ファンドの税負担が増えれば投資家へのリターンも減る
⑤税務・会計に起因するリスク
不動産を運用していく中では、売買時には譲渡所得税や登録免許税が、保有時には固定資産税が課されるなど、税法にしたがって様々な税金が課されることになります。
また、納めるべき税金の額は、不動産取引を巡る会計の処理の仕方などによっても変わってきます。つまりは、税法はもちろん会計関連の法規の改正やさらには税務当局の意向など、税務・会計にかかわる様々な要因が、不動産ファンドの税負担のあり方に大きく影響してくるわけです。
税金の負担が増えれば、投資家に分配できるリターンは減少することになります。税務・会計に起因するリスクは他に比べると意識しづらいところですが、投資家の利害に大きくかかわるものであることは明らかです。
法改正により新たなコストが生じる事態もあり得る
⑥法律に起因するリスク
また、税法や会計法以外の法律に起因して、ファンドの運営にリスクがもたらされることもあります。
たとえば、前述した「構造計算書偽造事件」が起こった後、建築基準法の改正が行われ、建築確認や工事検査が厳格に運用されることになりました。ところが、チェックを厳しくしたのはよいものの、そのために必要な人員が十分に用意されていなかったために建築確認が滞る状況を招き、不動産市況にも悪影響が生じてしまったのです。
また、先に触れた平成18年の金商法制定も、法律に起因するリスクが顕在化した例といえるでしょう。
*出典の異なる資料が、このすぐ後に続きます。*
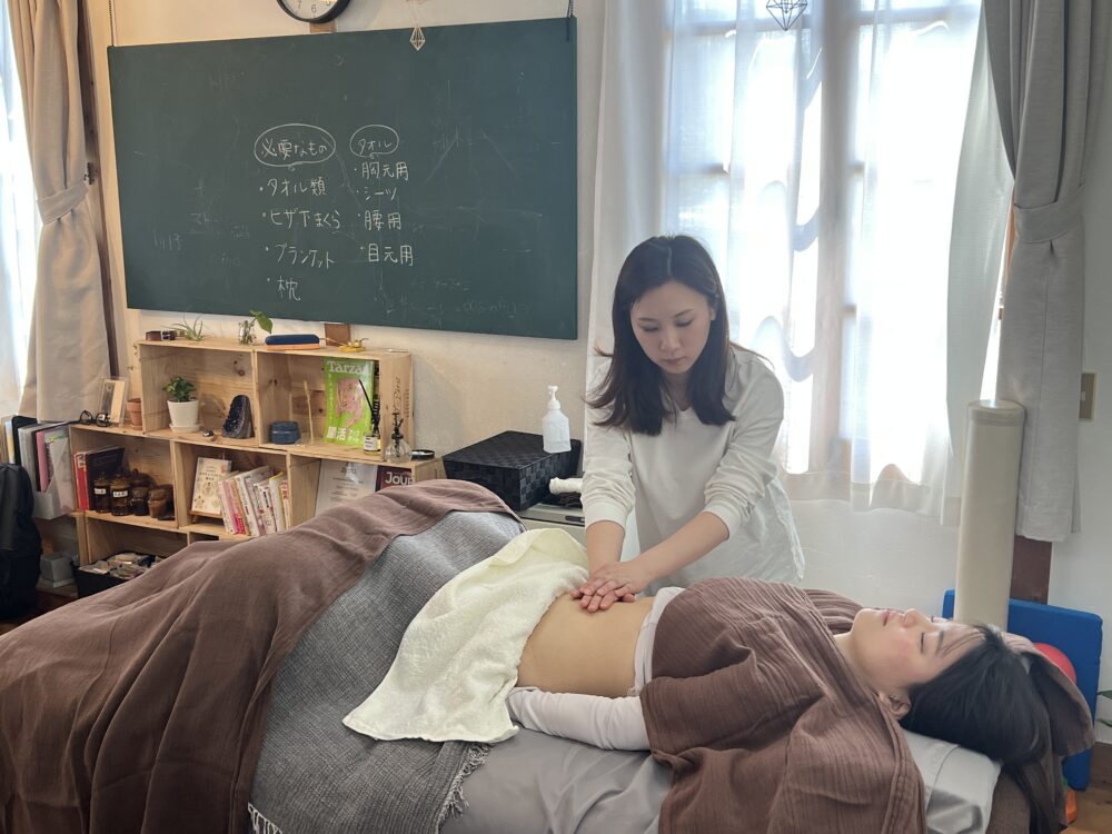 強く押したり、グイグイ揉んだりするのではなく、お腹にやさしく触れながら、呼吸に合わせてゆらし、腸が本来の動きを取り戻せるように整えていく。
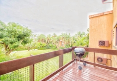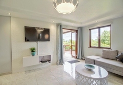 The villa is conveniently located within walking distance to many leisure and sports facilities. The security controlled estate offers beach access, swimming pools, tennis and squash courts, golf, a children's' playground and bird watching. The unit is within walking distance of the beach and restaurants and is located 15km from Margate, 18km from the Wild Coast Sun Casino and Water World. The unit can accommodate four people in two bedrooms and it has one bathroom.The main bedroom has a queen-size bed and the other room has twin beds, both share one bathroom. The villa is located on the first floor with a sea view and air-conditioning. Bed linen is included. The kitchen is fully equipped for self catering and features a microwave, stove, oven, fridge-freezer, cutlery and crockery. The lounge area offers comfortable seating and a TV with a selection of DStv channels. There is also a DVD player and braai facilities are available on the patio, as well as secure covered parking.
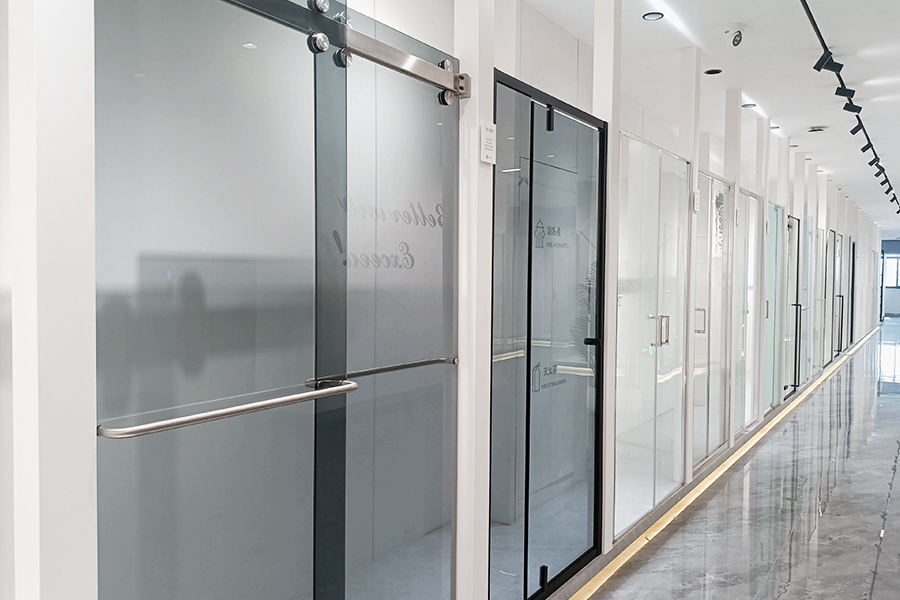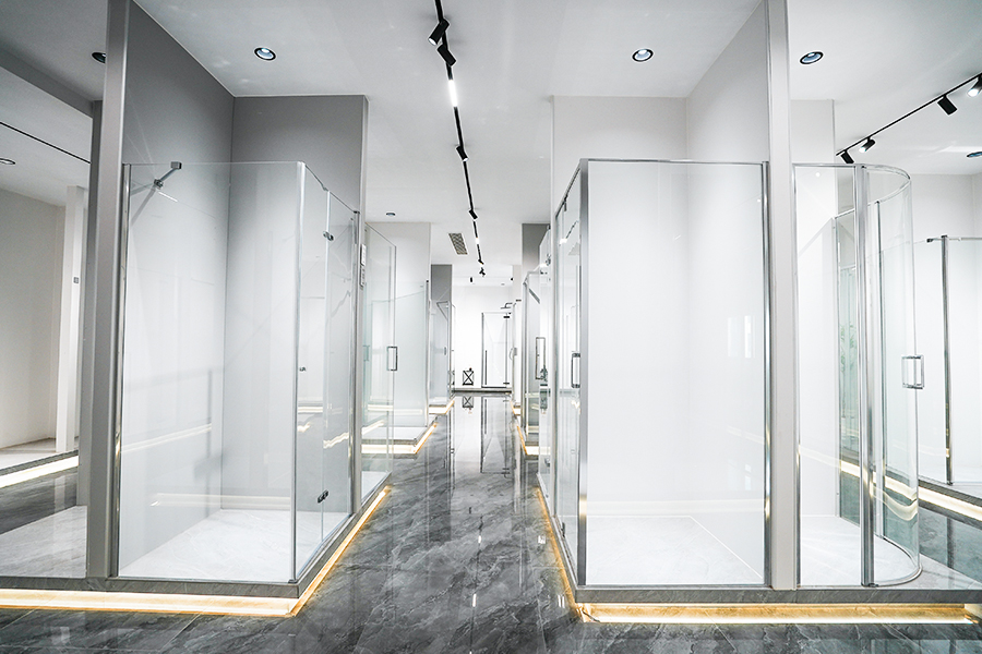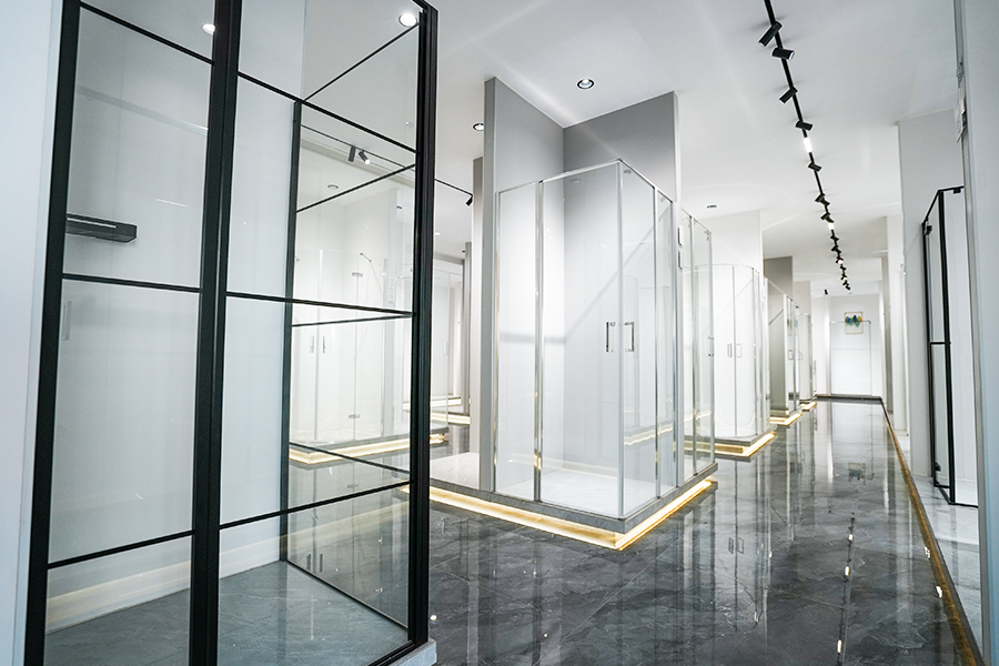 In unserem Showroom können Sie die Detailqualität und den reibungslosen Türbetrieb erleben und solide Haptik von EXCEED Duschabtrennungen.
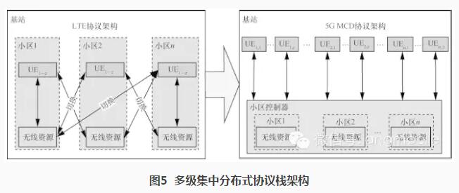 傳統(tǒng)協(xié)議棧是以小區(qū)為中心進行用戶接入、標識和無線資源管理,帶來復雜的移動性管理和不一致的用戶體驗,無法滿足用戶為中心網(wǎng)絡的設計目標,需要對協(xié)議棧進行重設計。MCD(多級集中分布式協(xié)議棧)技術(shù)的目標是讓用戶獨立于小區(qū),成為與小區(qū)平等的協(xié)議?;驹刂?。
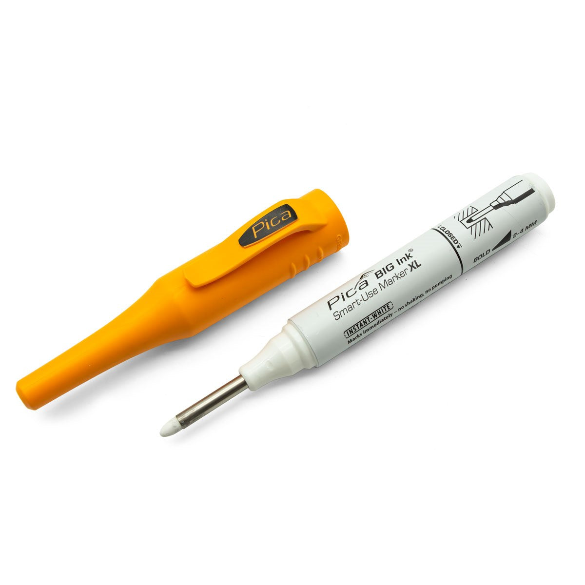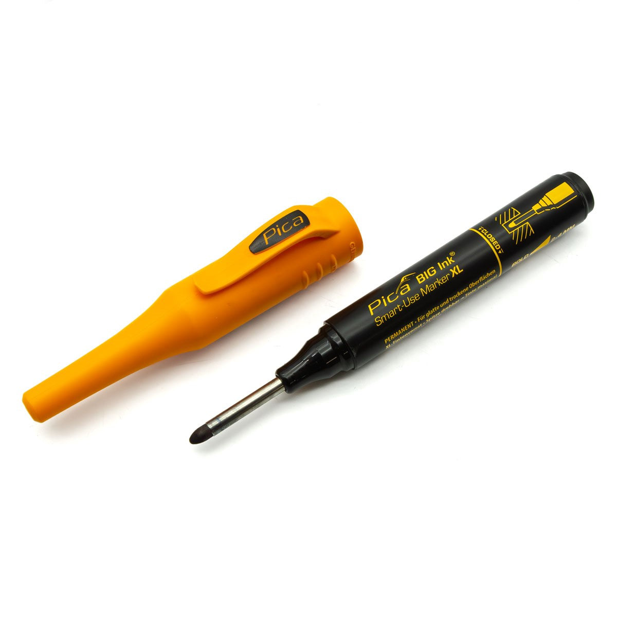 The Pica Big Ink Smart-Use Marker XL is a permanent marker and deep hole marker in one. Suitable for all glossy and dry surfaces, it combines strong and highly visible markings with pinpoint accuracy. The extra large ink reservoir and reversible tip means this marker lasts and lasts. A top-quality marking tool for both the DIYers and the professionals who need to make their mark.

金融商品取引業の登録を行い、それを維持していく上では、少なからぬ費用を要しますし、事務作業も必要となります。金商法の改正以前には、そうしたコストや事務の負担が存在しなかったことを考えれば、金商法の制定がファンドのパフォーマンスにマイナスの効果をもたらした部分があることは否定できないでしょう。